PROVIDED ENTRIES -

▬▬▬

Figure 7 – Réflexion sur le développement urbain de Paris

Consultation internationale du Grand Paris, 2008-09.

▬▬▬

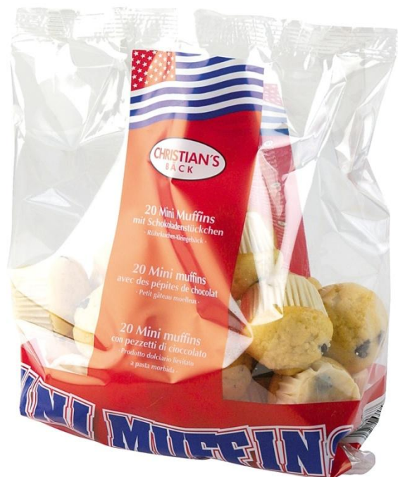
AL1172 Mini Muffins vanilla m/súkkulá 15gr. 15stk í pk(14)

▬▬▬

EXERCISE DIRECTIONS -
Retype only the stretch of lines above starting at the one with "Figure 7 – Réflexion" and stopping at the one with "Consultation internationale du", exactly as written, with both kept.

EXERCISE RESULT -
Figure 7 – Réflexion sur le développement urbain de Paris

Consultation internationale du Grand Paris, 2008-09.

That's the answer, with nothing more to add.